Extracted records:
------

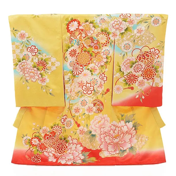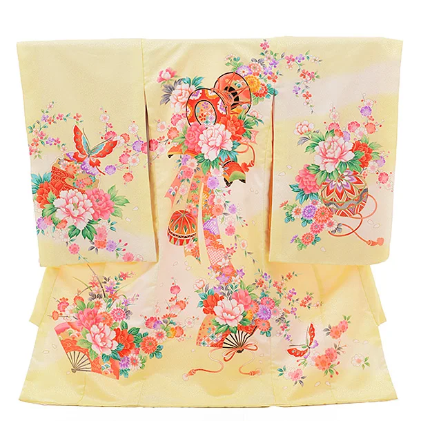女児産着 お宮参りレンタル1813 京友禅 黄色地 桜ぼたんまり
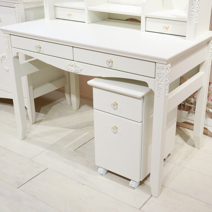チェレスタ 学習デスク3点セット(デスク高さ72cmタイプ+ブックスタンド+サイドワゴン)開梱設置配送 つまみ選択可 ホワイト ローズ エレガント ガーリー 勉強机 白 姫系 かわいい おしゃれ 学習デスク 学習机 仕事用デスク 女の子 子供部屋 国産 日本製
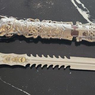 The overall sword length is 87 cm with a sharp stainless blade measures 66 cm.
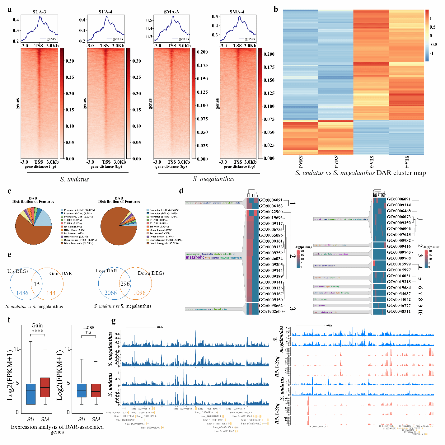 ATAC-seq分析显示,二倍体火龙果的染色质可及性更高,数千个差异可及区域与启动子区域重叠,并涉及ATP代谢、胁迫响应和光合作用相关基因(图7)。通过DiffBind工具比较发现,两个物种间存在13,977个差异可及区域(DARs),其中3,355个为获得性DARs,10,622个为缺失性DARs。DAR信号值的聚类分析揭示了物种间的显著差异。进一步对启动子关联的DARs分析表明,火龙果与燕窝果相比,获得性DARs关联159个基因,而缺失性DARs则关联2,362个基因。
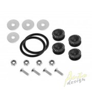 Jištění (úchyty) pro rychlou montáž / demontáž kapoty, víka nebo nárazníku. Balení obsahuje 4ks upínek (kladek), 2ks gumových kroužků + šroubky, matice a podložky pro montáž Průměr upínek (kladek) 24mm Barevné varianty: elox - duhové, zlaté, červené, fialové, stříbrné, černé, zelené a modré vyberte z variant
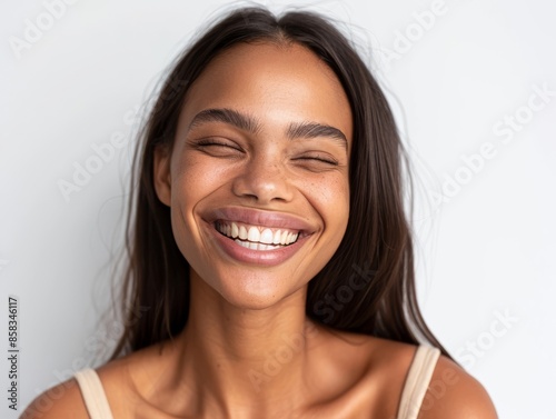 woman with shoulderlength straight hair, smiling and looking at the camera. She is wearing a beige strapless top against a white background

------

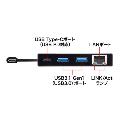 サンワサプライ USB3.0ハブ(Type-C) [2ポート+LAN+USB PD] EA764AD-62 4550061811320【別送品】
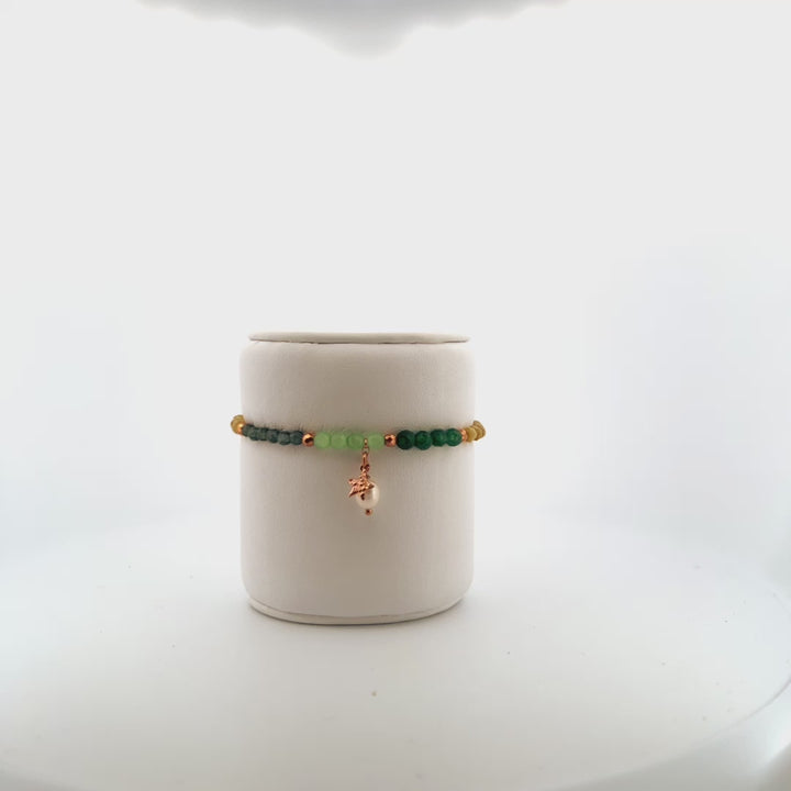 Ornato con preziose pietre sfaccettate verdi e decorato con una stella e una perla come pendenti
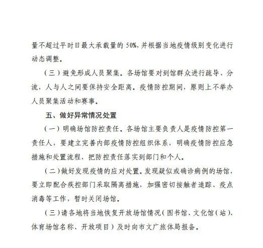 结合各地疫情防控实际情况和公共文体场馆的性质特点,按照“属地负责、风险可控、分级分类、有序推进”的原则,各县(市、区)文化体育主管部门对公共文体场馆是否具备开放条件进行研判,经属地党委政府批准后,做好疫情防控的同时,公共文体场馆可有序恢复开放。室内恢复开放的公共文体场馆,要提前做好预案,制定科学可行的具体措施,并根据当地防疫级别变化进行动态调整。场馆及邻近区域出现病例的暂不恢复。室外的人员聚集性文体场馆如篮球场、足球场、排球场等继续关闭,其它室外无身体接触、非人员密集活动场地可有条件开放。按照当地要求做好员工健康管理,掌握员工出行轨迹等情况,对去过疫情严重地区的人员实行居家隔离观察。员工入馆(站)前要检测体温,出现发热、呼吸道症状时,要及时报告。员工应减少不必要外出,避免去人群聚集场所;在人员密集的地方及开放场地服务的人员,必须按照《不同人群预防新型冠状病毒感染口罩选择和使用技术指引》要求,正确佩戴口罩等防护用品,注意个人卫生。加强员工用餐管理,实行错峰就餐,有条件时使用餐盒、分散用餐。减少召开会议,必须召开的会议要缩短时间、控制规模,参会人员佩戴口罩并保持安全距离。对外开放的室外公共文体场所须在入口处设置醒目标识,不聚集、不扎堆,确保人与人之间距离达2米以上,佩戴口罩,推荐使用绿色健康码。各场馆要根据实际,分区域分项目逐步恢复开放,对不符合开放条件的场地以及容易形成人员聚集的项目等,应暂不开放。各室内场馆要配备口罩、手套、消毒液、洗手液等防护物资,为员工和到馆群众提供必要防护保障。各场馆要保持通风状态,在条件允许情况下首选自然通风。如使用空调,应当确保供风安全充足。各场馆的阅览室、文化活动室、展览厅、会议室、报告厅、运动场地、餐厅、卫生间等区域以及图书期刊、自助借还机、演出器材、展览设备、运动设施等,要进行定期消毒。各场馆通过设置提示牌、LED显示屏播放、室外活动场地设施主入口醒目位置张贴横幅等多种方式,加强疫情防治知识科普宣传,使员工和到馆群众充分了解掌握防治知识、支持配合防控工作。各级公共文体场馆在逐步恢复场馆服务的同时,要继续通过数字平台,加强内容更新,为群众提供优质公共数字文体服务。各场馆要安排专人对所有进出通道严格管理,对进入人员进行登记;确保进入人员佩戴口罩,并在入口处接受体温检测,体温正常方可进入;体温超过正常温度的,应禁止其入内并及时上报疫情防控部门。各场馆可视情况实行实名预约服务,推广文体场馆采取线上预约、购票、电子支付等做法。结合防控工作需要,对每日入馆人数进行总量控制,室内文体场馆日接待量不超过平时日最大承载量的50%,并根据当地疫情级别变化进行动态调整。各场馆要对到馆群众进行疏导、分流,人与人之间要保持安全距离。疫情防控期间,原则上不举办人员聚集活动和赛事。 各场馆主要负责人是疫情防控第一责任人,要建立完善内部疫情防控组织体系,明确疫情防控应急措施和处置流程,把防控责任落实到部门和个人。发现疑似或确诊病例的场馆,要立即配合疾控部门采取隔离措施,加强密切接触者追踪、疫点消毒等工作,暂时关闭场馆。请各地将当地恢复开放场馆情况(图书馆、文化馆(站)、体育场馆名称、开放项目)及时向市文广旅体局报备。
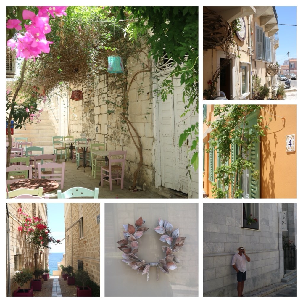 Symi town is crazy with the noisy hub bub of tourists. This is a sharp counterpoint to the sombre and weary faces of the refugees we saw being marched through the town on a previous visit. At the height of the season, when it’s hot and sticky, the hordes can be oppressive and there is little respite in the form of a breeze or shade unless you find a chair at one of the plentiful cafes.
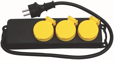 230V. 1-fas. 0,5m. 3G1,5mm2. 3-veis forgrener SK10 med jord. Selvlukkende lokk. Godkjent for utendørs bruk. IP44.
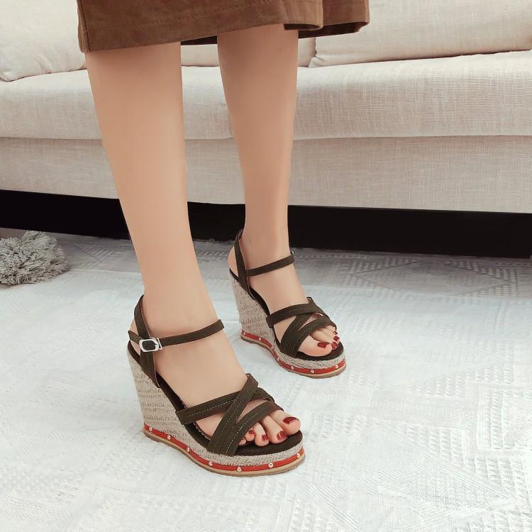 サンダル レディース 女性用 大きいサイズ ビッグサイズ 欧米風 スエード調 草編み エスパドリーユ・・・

------

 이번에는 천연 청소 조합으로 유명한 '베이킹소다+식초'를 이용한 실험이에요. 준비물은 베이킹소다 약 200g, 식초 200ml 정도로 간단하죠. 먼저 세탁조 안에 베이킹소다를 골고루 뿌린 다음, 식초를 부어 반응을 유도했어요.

------

What you are asked to do:
Everything above from the line with "The overall sword" through the line with "woman with shoulderlength" should be retyped exactly, and nothing else; omit pictures.

Exercise solution:
 The overall sword length is 87 cm with a sharp stainless blade measures 66 cm.
 ATAC-seq分析显示,二倍体火龙果的染色质可及性更高,数千个差异可及区域与启动子区域重叠,并涉及ATP代谢、胁迫响应和光合作用相关基因(图7)。通过DiffBind工具比较发现,两个物种间存在13,977个差异可及区域(DARs),其中3,355个为获得性DARs,10,622个为缺失性DARs。DAR信号值的聚类分析揭示了物种间的显著差异。进一步对启动子关联的DARs分析表明,火龙果与燕窝果相比,获得性DARs关联159个基因,而缺失性DARs则关联2,362个基因。
 Jištění (úchyty) pro rychlou montáž / demontáž kapoty, víka nebo nárazníku. Balení obsahuje 4ks upínek (kladek), 2ks gumových kroužků + šroubky, matice a podložky pro montáž Průměr upínek (kladek) 24mm Barevné varianty: elox - duhové, zlaté, červené, fialové, stříbrné, černé, zelené a modré vyberte z variant
 woman with shoulderlength straight hair, smiling and looking at the camera. She is wearing a beige strapless top against a white background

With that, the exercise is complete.